Jumping the S-Curve for Communications Service Providers - Part 2

Jumping the S-Curve for Communications Service Providers - Part 2

Speed Of Change Is Vital For Survival As Disruption Escalates For Communications Service Providers

Communications Service Providers continue to face unprecedented challenges. I’ve talked about “jumping the S-Curve” in a previous article, highlighting the imperatives for adopting a platform-based model and transforming the core of the business

Gloom continues – what are the next moves?

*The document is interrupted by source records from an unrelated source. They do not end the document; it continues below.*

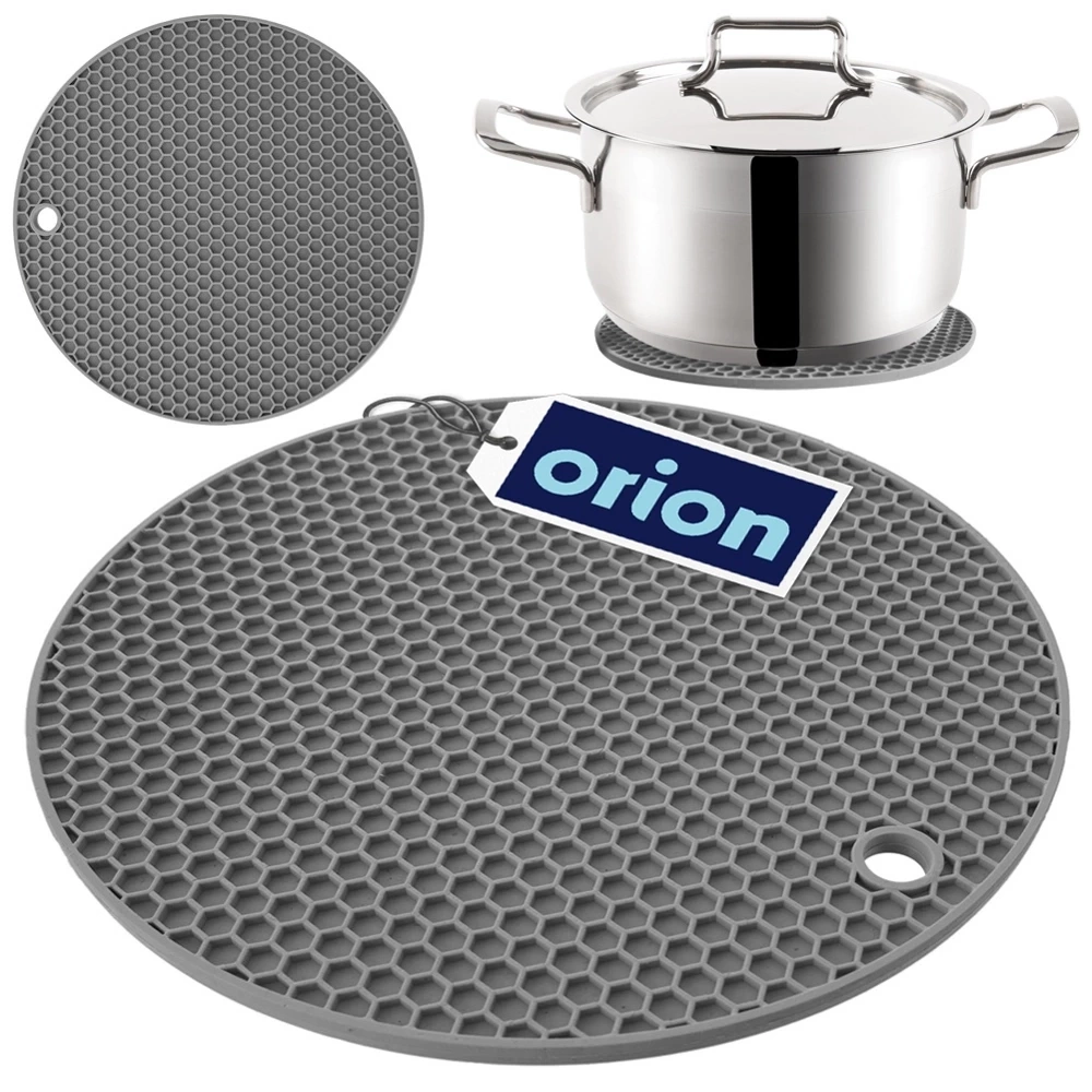 Silikonowa podkładka na stół pod gorące naczynia. Podkładka jest stabilna i dobrze się prezentuje. Zdecydowanie ułatwi pracę w kuchni i ochroni blat przed zniszczeniem. Niezwykle przydatna w domu do odstawiania garnków po zakończonym gotowaniu lub gorących naczyń wyciągniętych bezpośrednio z piekarnika. Oryginalny produkt czeskiej marki Orion. Wyprodukowano zgodnie z europejskimi standardami.
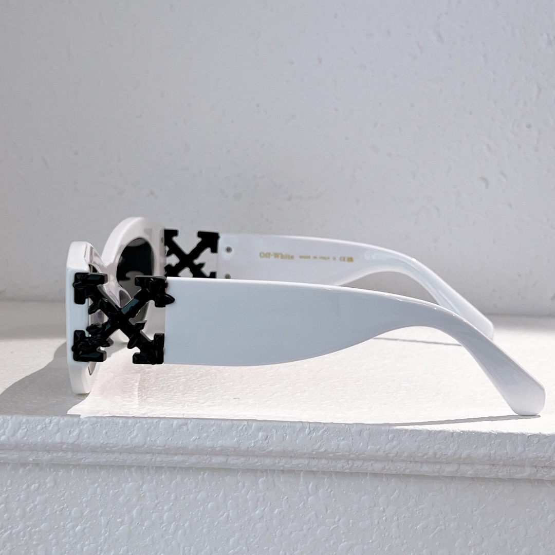 这款太阳眼镜是AAAAA 1:1 质量 (非常棒). 使用了和原版一模一样的材料. 商标部分也保持了和OFF WHITE一样. 图片拍摄是实物太阳眼镜拍摄, 您所收到的实物保证和我们图片一模一样.
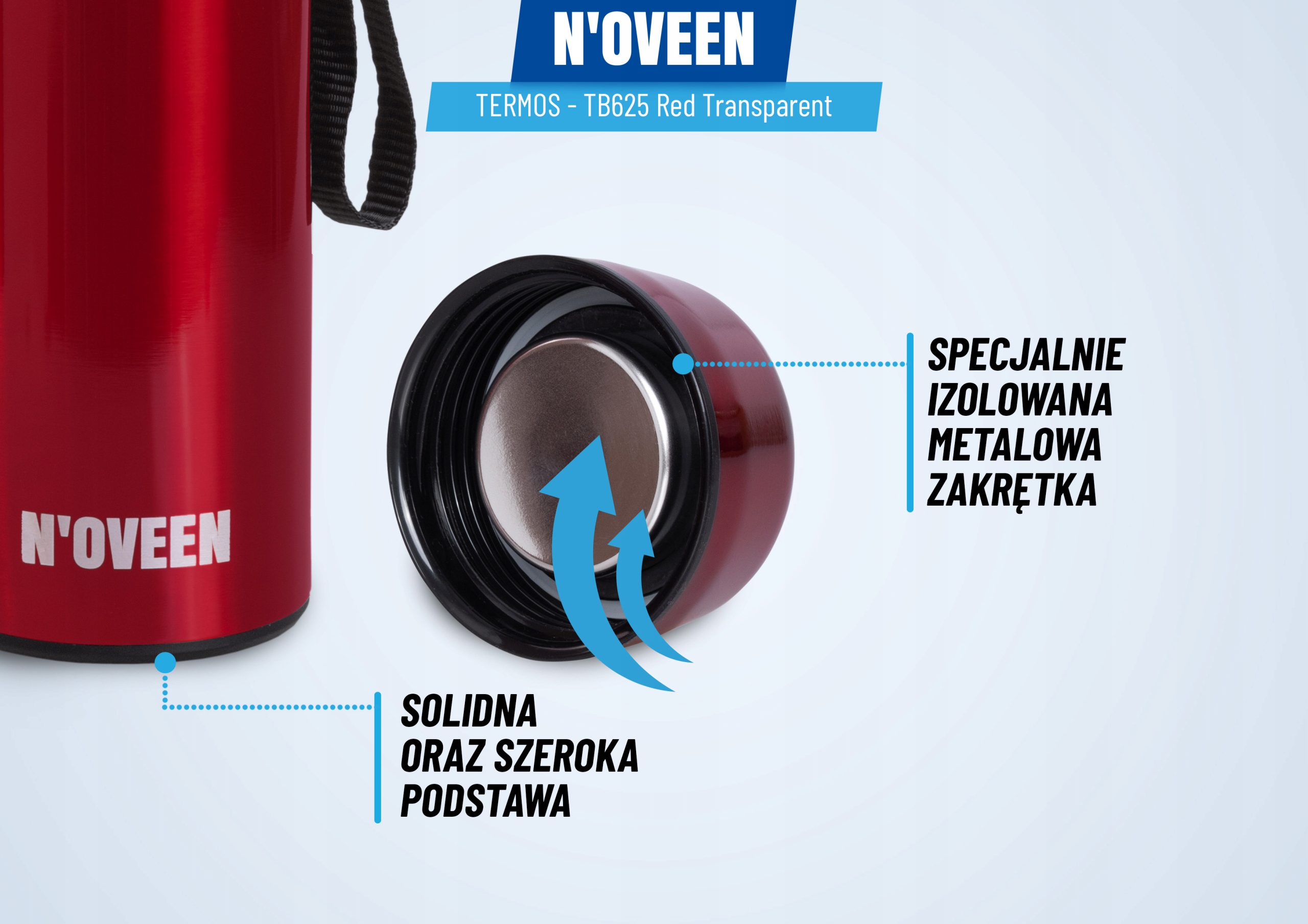 Термос Noveen створений для зручного та естетичного зберігання ваших улюблених напоїв. Зберігаючи високу і низьку температуру напоїв, термос корисний цілий рік, незалежно від погоди. Він виготовлений із матеріалів, які не містять BPA.
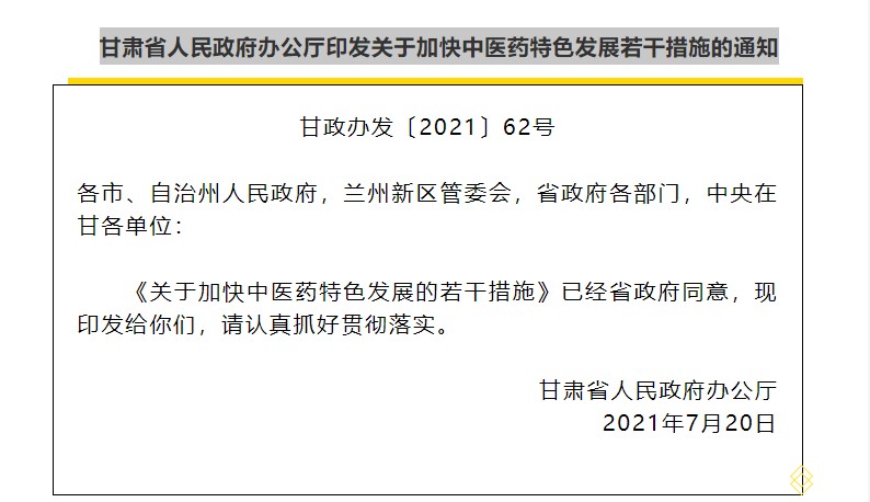 (四)提高中醫(yī)藥法治化水平。加強(qiáng)中藥監(jiān)管隊(duì)伍建設(shè),提升中藥審評(píng)和監(jiān)管現(xiàn)代化水平。將中醫(yī)健康服務(wù)機(jī)構(gòu)和人員誠(chéng)信經(jīng)營(yíng)情況納入不良執(zhí)業(yè)記錄檔案,并將相關(guān)企業(yè)行政許可、行政處罰等信息通過“信用中國(guó)”網(wǎng)站、國(guó)家企業(yè)信用信息公示系統(tǒng)(甘肅)依法公示。(省衛(wèi)生健康委、省司法廳、省市場(chǎng)監(jiān)管局、省藥監(jiān)局負(fù)責(zé))
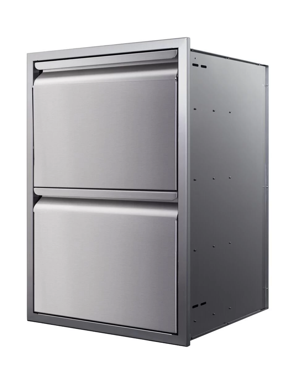 A variety of cabinet options provide two drawers to four drawers. Available in both 15” and 21” widths, these units will fit most any outdoor kitchen application. There are even cabinets which incorporate the grill controller for space savings and convenience, as well as an option with a trash compartment.
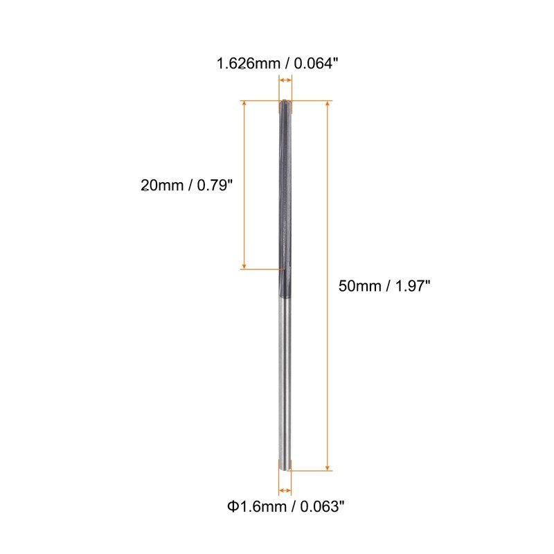 - Size - Cutting Diameter: 1.626mm / 0.064"; Cutting Length: 20mm / 0.79"; Overall Length: 50mm / 1.97"; Shank Diameter: 1.6mm / 0.063"; Reamer Shape: Straight Flute Straight Shank; Color: Black; Coating: Uncoated.

Communications Service Providers (CSPs) continue to face unprecedented challenges and bad news continues. Uncertainties around macroeconomic scenarios and growth; potential 5G-related investment requirements are looming. Disruptive competitors are fighting hard to seduce the liquid and increasingly volatile consumer. In the infrastructure layers, continual regulatory pressures and a progressive commoditization of services abound and are diminishing ROIC.

Revenue growth in the industry has been single digit for the last ten years and hovers between 2% and 3%. Most worryingly, US mobile revenues turned negative in 2016 for the first time, while European mobile revenues have been negative for years. Overall, despite some signs of growth normalization, it seems premature to talk about sustained, material and value accretive growth recovery in CSPs. In fact, the stories seen by investors in 2016 are dividend/defensive and efficiency/ consolidation. Coupled with revenue challenges, the situation becomes more critical when looking at capex investment, which continues to rise driven by defensive reasons and competitive pressures.

With present day focus on dividends, concerns about vertical disintegration, a lack of scalability of operating models, and skills obsolescence—there’s a powerful incentive for the CSP industry to move at high speed to position for future growth. Moving out of their comfort zone will require radical strategic moves, instead of depending on returns generated from imperfect infrastructure competition.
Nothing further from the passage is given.